第三部 魔人編
第一章 Happy Spring Day
118 昼起きは三文より大分損
3時半起きか……。逆算すると……あー考えたくない。絶対眠れない。
憂鬱になりながら食堂に足を踏み入れたとき、変なことが起こった。
そこにいた全員が一斉に私を見たのだ。
ちょっと引いた。
目を向けると、CCの従業員たちはみんな明後日の方向を向く。
ヤムチャさんは私を見るなり大きく溜息をつき、クリリンさんはやけに大きな声で喋っていた。
変な空気感だったからスルーしてチチさんのところへ向かったら、チチさんの奥でトーガがいるのが見えた。刃物を研いでいる。
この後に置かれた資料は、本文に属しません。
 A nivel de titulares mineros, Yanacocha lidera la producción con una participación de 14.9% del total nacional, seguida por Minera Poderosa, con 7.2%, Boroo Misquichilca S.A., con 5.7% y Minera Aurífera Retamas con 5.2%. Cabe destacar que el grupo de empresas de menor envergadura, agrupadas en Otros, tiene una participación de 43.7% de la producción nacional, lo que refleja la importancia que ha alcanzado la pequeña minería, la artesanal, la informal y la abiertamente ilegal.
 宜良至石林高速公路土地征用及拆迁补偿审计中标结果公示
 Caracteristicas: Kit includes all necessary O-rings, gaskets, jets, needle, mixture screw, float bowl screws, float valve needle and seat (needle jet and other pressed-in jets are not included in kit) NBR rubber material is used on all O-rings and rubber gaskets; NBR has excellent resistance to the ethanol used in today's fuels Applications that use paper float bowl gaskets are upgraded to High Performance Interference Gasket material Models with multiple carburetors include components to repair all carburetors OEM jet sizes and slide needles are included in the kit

私は「すみません、放り出して」とチチさんに声をかけた。
「あ、サーヤ。も、もういいのか?」
なんだかちょっと挙動不審だ。笑顔もぎこちない。
「はい……?」
「もう少しゆっくりしても大丈夫だったぞ!」
「はあ」
チチさんの手が落ち着きなく食材をさまよっている。
過去で見た洗練された動きと比べると雲泥過ぎてものすごく怪しい。
「……なんかありました?」
聞けば「なにがだ?」と返されてしまったので、なんの解決にもならず「なんでもないです」としか言えなかった。
「トランクスなんだって?」
宇宙船で手を洗って出てくると、床に座り込んでナイフを研いでいたトーガに話しかけられた。
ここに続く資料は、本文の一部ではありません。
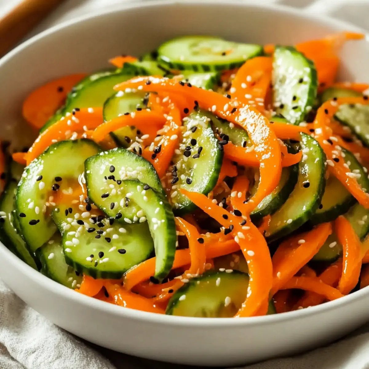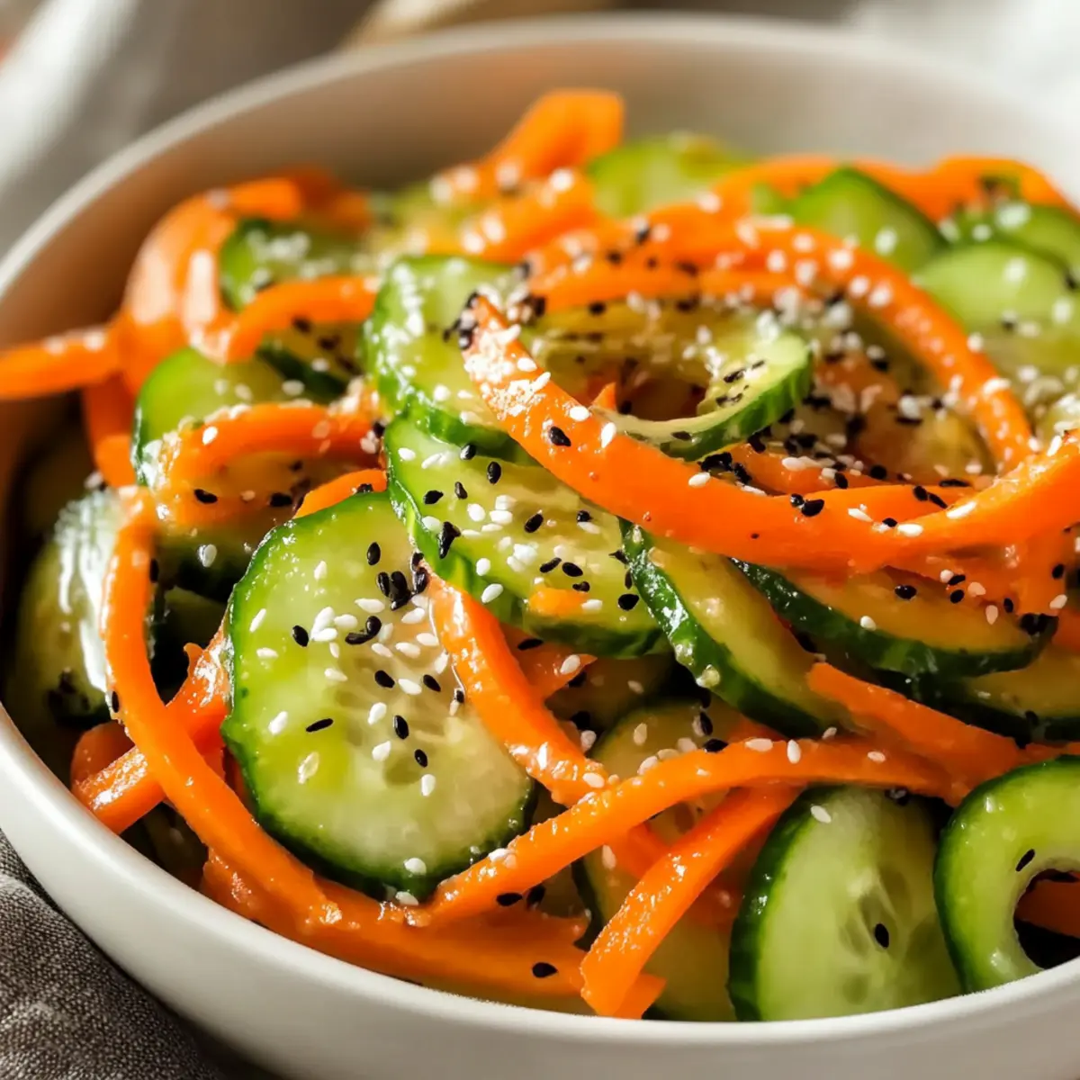 Enjoy your Cucumber Carrot Salad immediately for the freshest crunch. Alternatively, let the salad rest for 5 to 10 minutes to allow the flavors to meld together, enhancing the overall taste. For an added touch, consider garnishing with sesame seeds or chopped green onions. This bright and refreshing dish is perfect as a light lunch, or as a side at your next gathering!

トーガにトランクスさんと話してくるって言ったっけ? ……まあいいか。
「明日の朝出かけるからって話だった」
「どこ? 地下街?」
「わかんない。北東の町?」
「ふーん」
会話しながら無意識に〈かばん〉を開ける。
まだ残ってる食材あったっけ……あっ、それよりも明日朝いないって言っておかなければ。
「一緒に行ってくるから」
「何時?」
「4時半」
「朝の!? 早くね? 暗いだろまだ」
トーガがナイフから顔をあげた。
だよなあ。
私は〈かばん〉の中の料理の在庫を確認しながら頷いた。
「一番人目につかない時間なんだって」
「? なにしに行くんだ?」
なにしにって、言ってもいいのかな。
人捜してくるだけだからいいか?
「そっそういうのは、断らなきゃだめだべ!」
悩んで少しの間黙ってたら、大きい声が近くから聞こえてびっくりして〈かばん〉落としそうになった。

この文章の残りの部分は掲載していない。